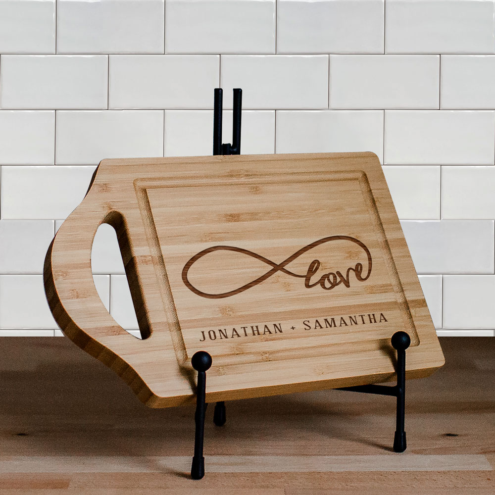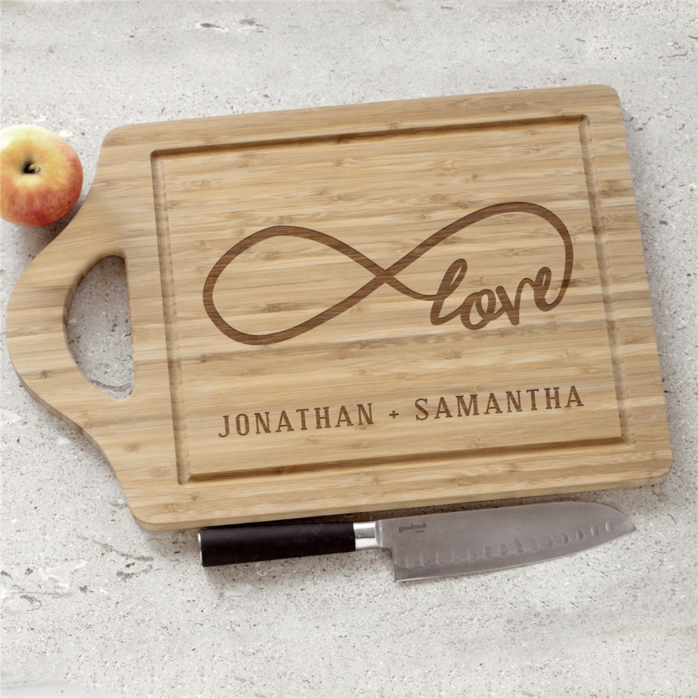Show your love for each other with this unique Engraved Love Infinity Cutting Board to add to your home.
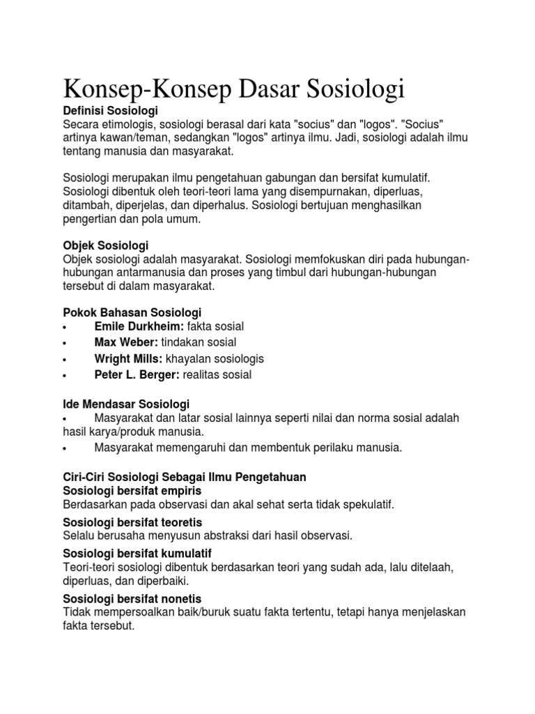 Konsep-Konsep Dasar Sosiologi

________________

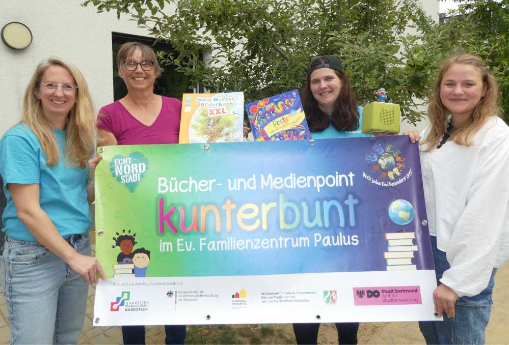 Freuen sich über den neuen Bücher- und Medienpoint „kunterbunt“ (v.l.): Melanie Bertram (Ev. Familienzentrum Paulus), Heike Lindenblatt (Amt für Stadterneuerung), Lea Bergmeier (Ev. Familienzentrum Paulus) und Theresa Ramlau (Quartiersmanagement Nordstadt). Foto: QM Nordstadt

________________

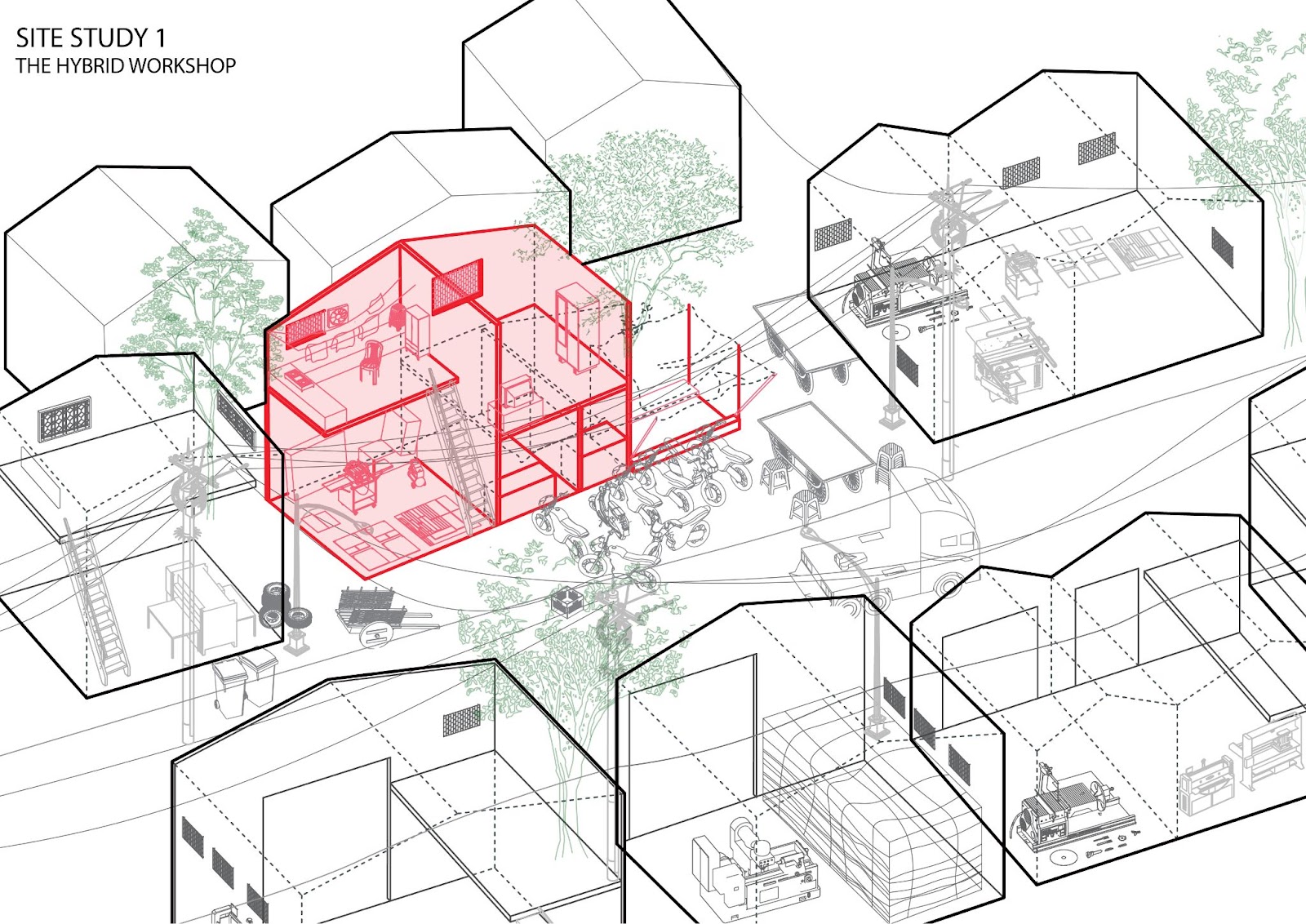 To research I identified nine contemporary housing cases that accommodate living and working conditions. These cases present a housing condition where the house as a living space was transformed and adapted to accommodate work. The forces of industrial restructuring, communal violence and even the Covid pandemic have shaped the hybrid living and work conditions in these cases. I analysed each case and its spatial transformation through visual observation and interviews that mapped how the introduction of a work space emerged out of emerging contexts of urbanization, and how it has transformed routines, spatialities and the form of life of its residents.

________________

> _ACTION ITEM_
Pictures in the material above should be skipped; print exactly the lines from the one with "Show your love" through the one with "Konsep-Konsep Dasar Sosiologi".

> _TASK SOLUTION_
Show your love for each other with this unique Engraved Love Infinity Cutting Board to add to your home.
 Konsep-Konsep Dasar Sosiologi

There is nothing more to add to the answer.